As a member of two vindictive cults - Fox News and Scientology - cable news anchor Greta Van Susteren is an absolute pro at channeling rage. Witness the blog post she typed up on the 4th of July holiday. The executive producer of CNN's Anderson Cooper 360 last week called Susteren's On The Record "not a news program. It's missing-person of the day." Hoo-boy. Susteren's 1000-word response swiftly pinned blame for the comments on Cooper, since he should be able to control his producer, then basically called the silver-haired anchor a coddled, commercialized, Katrina-exploiting, polygamy-obsessed pretty boy. Susteren, meanwhile, has a magical law degree that obviates the need for a teleprompter, ever. A breakdown (and partial refutation) of her rant, after the jump.

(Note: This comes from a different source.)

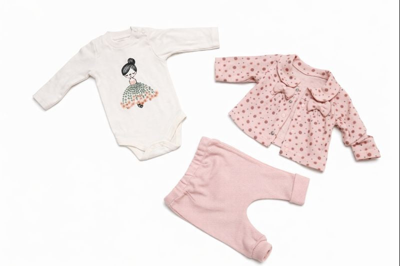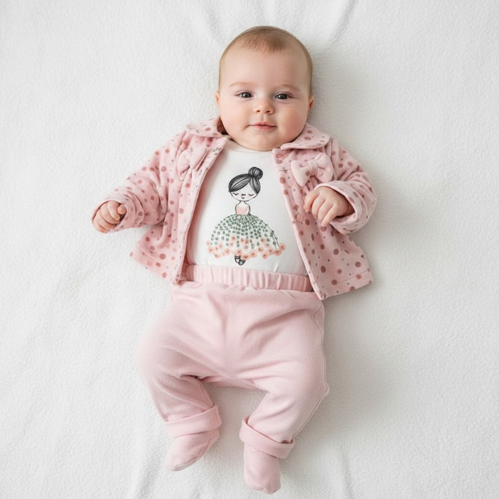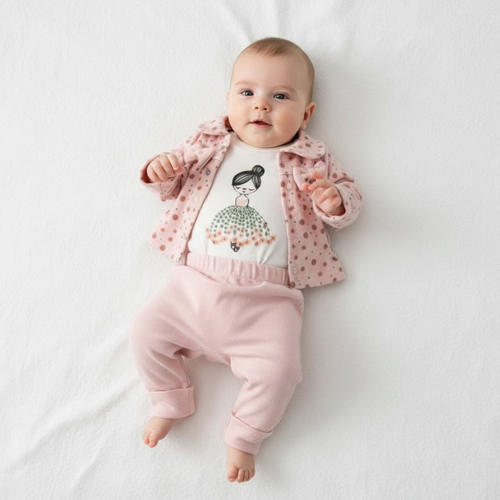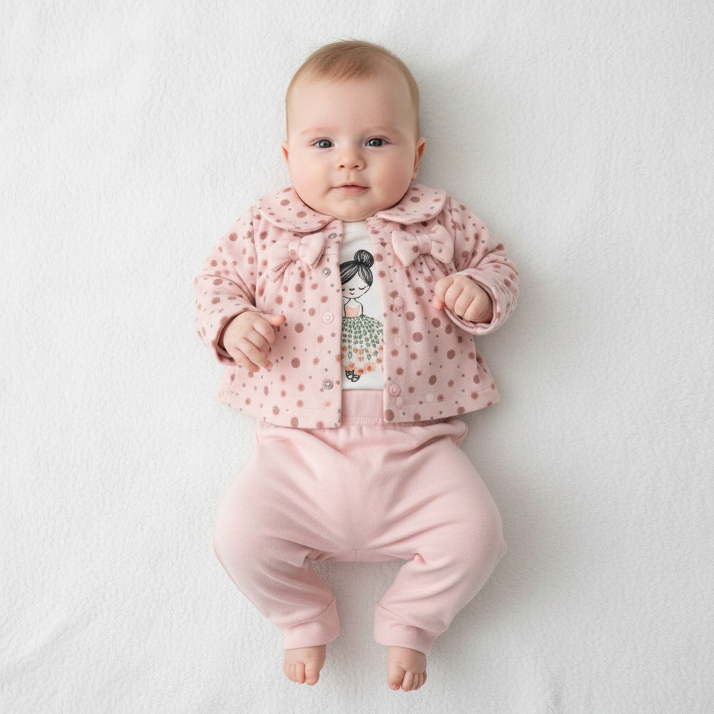 Нежен и изискан бебешки комплект, вдъхновен от света на балета. Комбинацията от меко бяло боди с момиченце балерина и розово горнище с точки и панделки създава деликатна, сладка и хармонична визия.

  • Cooper is spendy: "It has been rumored that in one year they spent about 27 million dollars in advertising of Anderson Cooper in their experiment. No network has ever spent that kind of money just to market one person. By the way, the President of CNN told me that Anderson Cooper has a staff of nearly 60. We beat them with our staff…of about 12." Cooper has led in ratings share the past two quarters; Van Susteren is ahead in Nielsen's separate count of total viewers (as opposed to households).
  • Cooper is a commercial whore: "hey have even done some rather bizarre (demeaning?) marketing. They have put Anderson Cooper on plastic bags like they are selling breakfast cereal. Here is another example and you decide: CNN sells T shirts of Anderson Cooper not just promoting the show (all networks sell T shirts) but [also of the headline "Anderson Cooper, 'you're not my boo']. Not my boo? yikes…not exactly Walter Cronkite…"
  • Cooper exploited Katrina! "You would think with all their marketing that Anderson Cooper was the only one who covered Katrina….we were there, all producers were there, all my colleagues were there…but guess what? so was every one else in every news outlet in the nation!! The fact is that all the other news organizations had the dignity not to try and make a marketing experiment out of a giant catastrophe! Only one anchor wrote a book and thus collected money from Katrina. The rest of us saw the suffering and simply reported it rather than exploit it." Anderson did not write a Katrina book, thank you very much. The dreamy anchor kept a "diary." Totally different.
  • Cooper needs a teleprompter, because he didn't go to law school: "Plus, unlike those on the side lines, I am the real thing - I spent 15 years in the criminal courts trying criminal cases and don't get my information from a teleprompter…I get it from both investigation and experience."
  • Cooper thinks a lot about multiple wives: "It is true….CNN does polygamy better. I will give that to them - but it is because they have so much more experience with the polygamy story than any other network. They were obsessed with it…night after night after night…even assigning multiple correspondents to the story to report only for Anderson Cooper."

I don't know - that's pretty harsh, even though Cooper's producer did throw down some fighting words. Susteren's response even drew out feelings of kinship with the CNN anchor from right-leaning internet publisher Matt Drudge. Notice how it's not "Cooper," it's "Anderson:"

Do I detect a little wistfulness in that "not my boo" headline, Matt?